[Data shown]
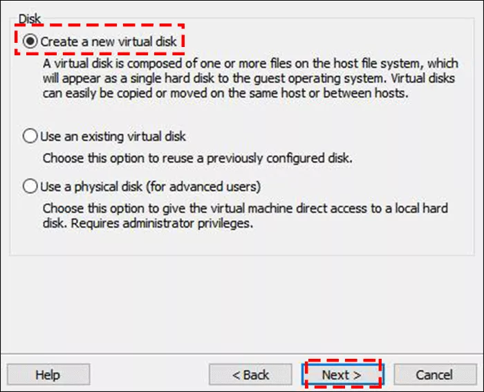 步骤13: 选择 ”创建一个新的虚拟磁盘“要使用然后单击”下一个”。
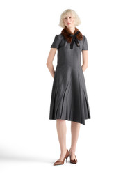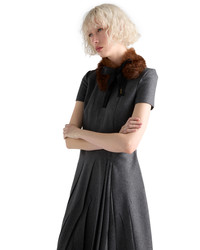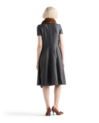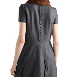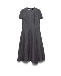 This dress with a sleek silhouette expresses sophisticated, contemporary elegance. The asymmetrical design in flannel is completed with a zipper and button closure on the back. - Product code: P3Q30_11GZ_F0480_S_OOO - Flared fit - Lined - Round neck - Back zipper and button closure - Short sleeves - Inseam pockets - Asymmetrical hem - Imported - The model is 180 cm tall and wears a size 38 Height: 108cm MATERIALS Main material: 100% virgin wool
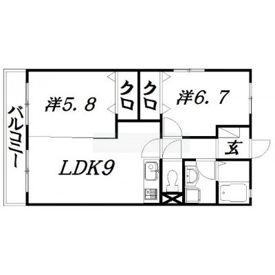 2DK(50.78m²)└ 洋室6.7帖 洋室5.8帖 DK9帖
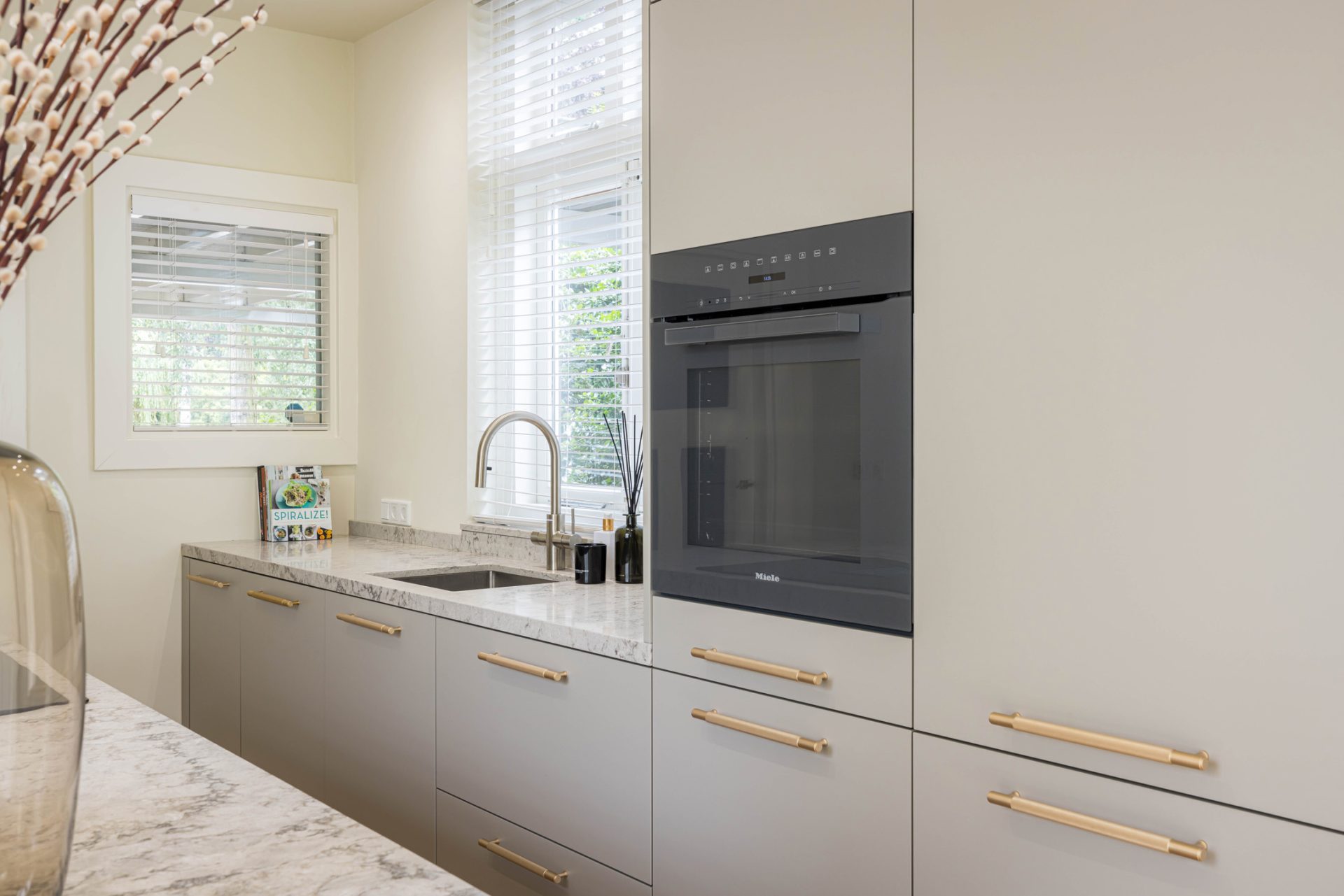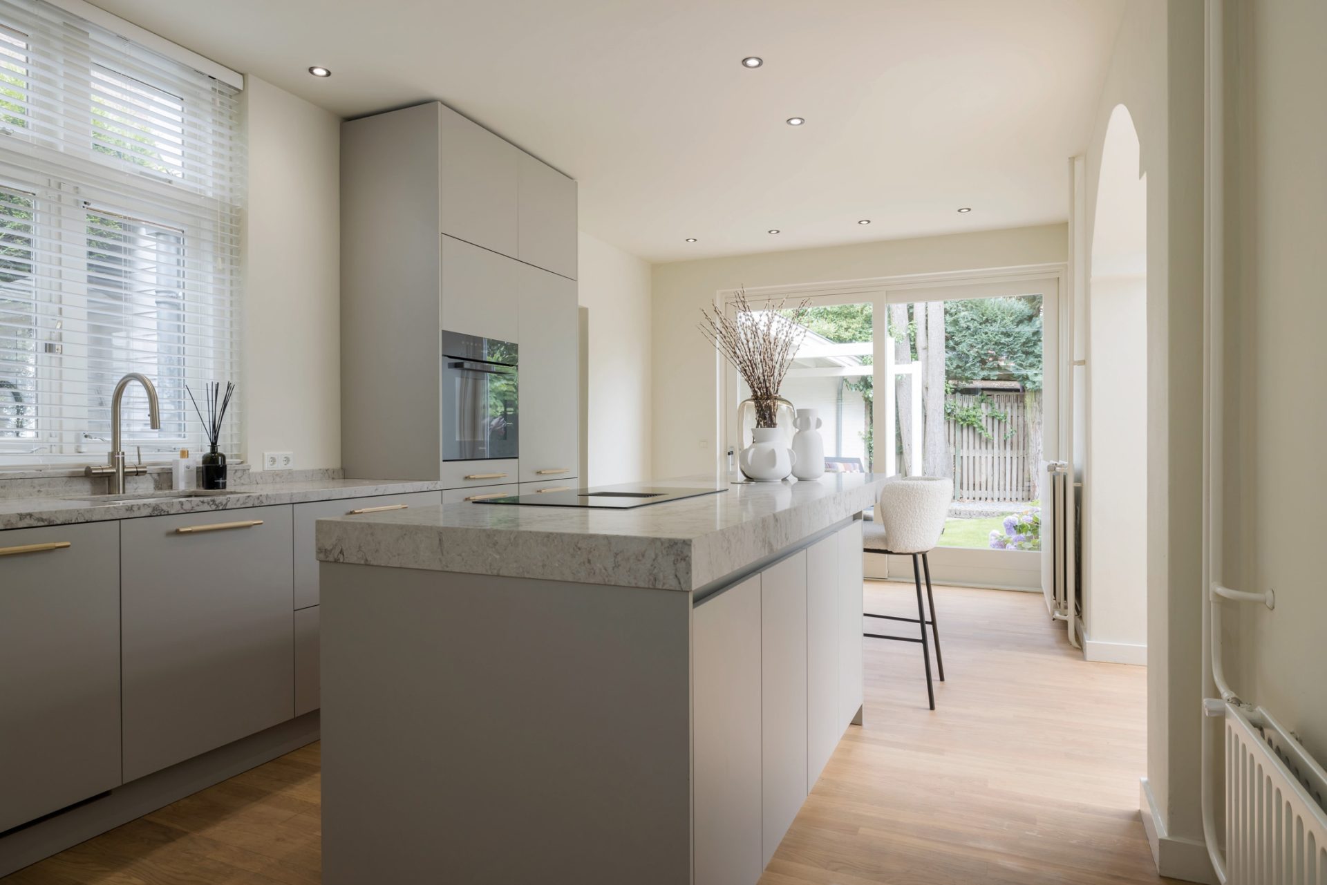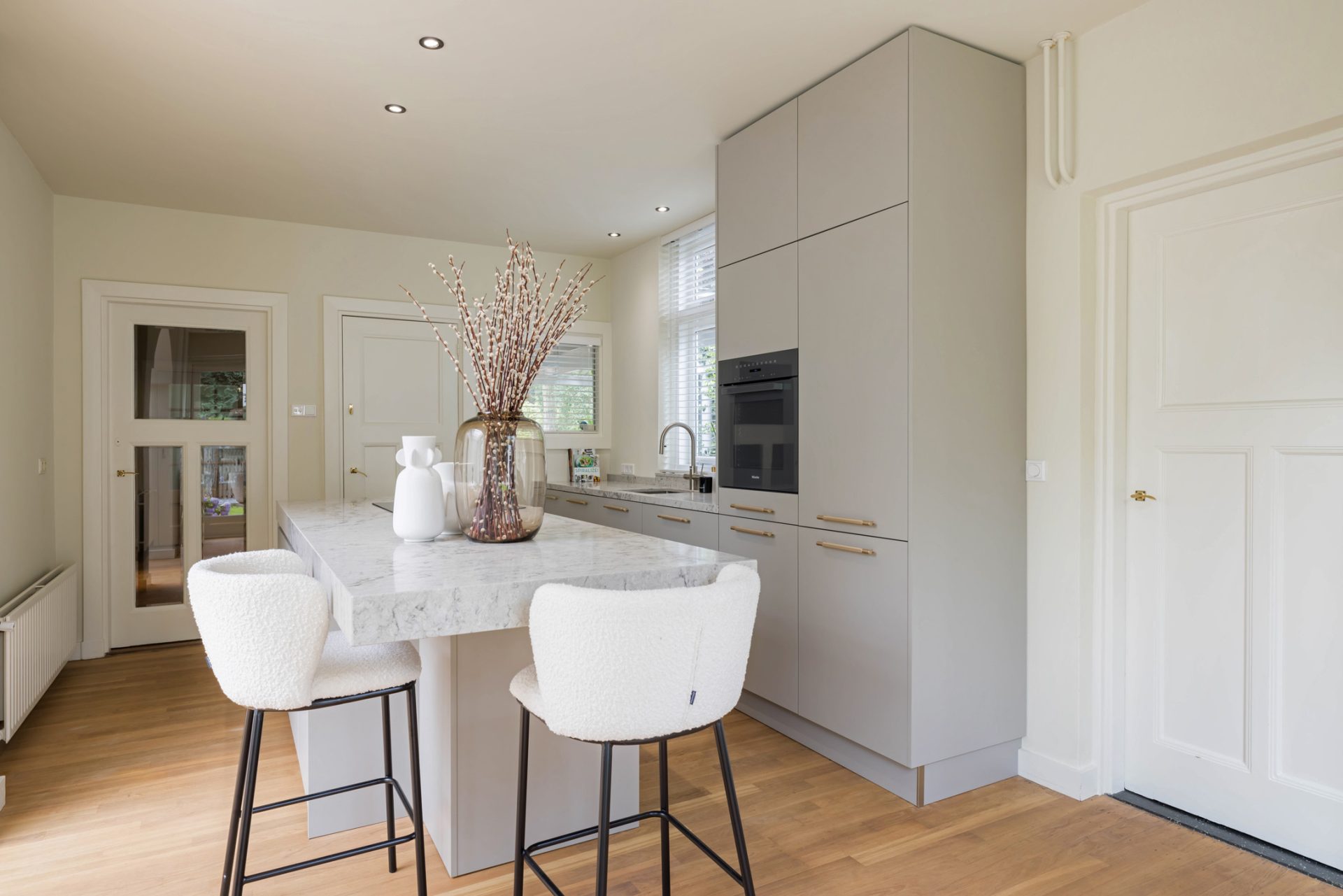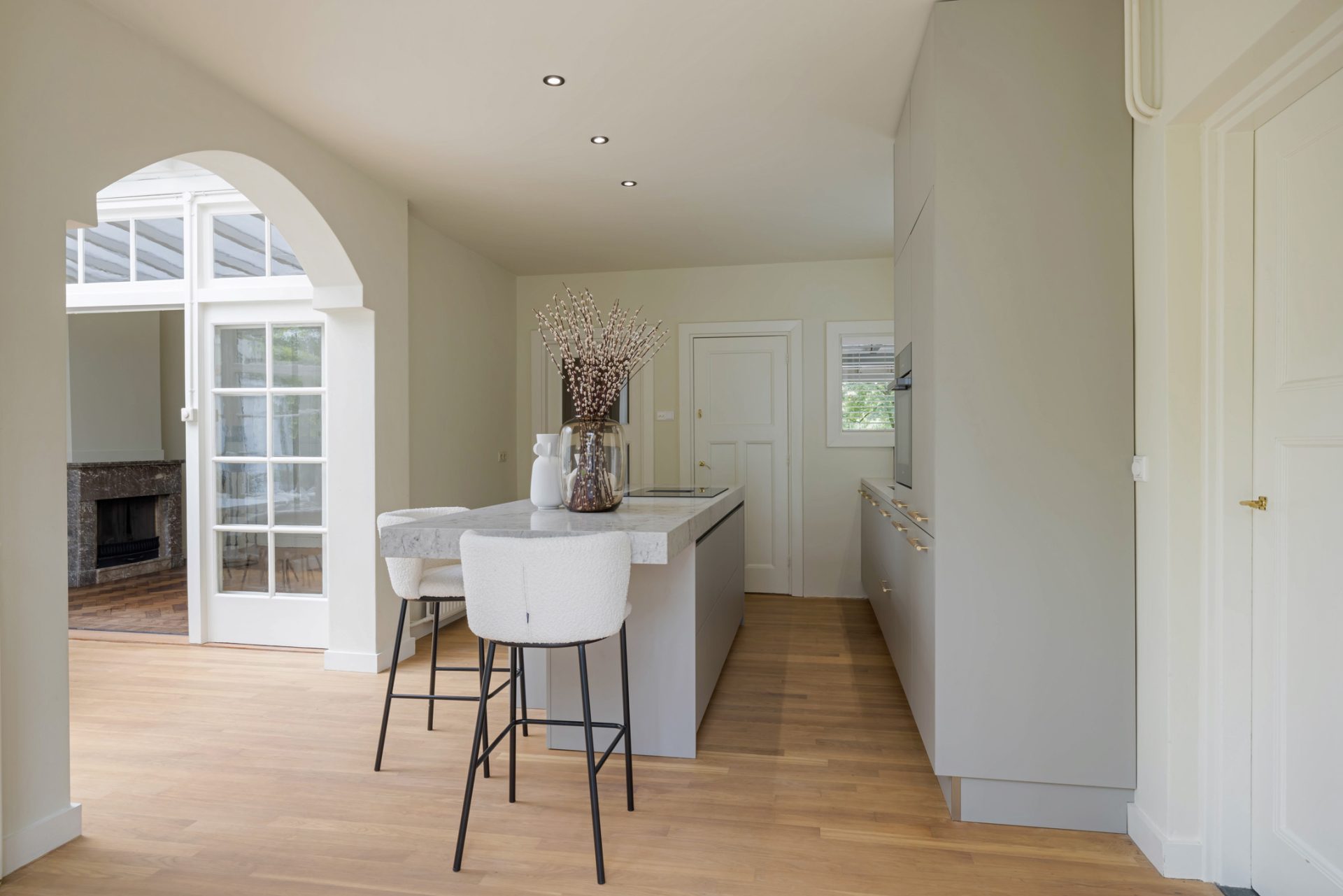 Een scherp contrast is de keuken met een moderne uitstraling en alle denkbare luxe van nu. Een schuifpui verbindt de keuken met de tuin en onder de trap is een diepe kast. De keukenopstelling met eiland is voorzien van alle benodigde inbouwapparatuur en het dikke, marmeren blad is een van de blikvangers. De bijkeuken met spoelbak en vaste kast staat in verbinding met het overdekte terras en de oprit.
[/Data shown]
*About this exercise*: Where pictures appear, drop them, and reproduce exactly only the lines running from the beginning of the data to the line that contains "2DK(50.78m²)└ 洋室6.7帖 洋室5.8帖 DK9帖", inclusive.

*Your solution*:
 步骤13: 选择 ”创建一个新的虚拟磁盘“要使用然后单击”下一个”。
 This dress with a sleek silhouette expresses sophisticated, contemporary elegance. The asymmetrical design in flannel is completed with a zipper and button closure on the back. - Product code: P3Q30_11GZ_F0480_S_OOO - Flared fit - Lined - Round neck - Back zipper and button closure - Short sleeves - Inseam pockets - Asymmetrical hem - Imported - The model is 180 cm tall and wears a size 38 Height: 108cm MATERIALS Main material: 100% virgin wool
 2DK(50.78m²)└ 洋室6.7帖 洋室5.8帖 DK9帖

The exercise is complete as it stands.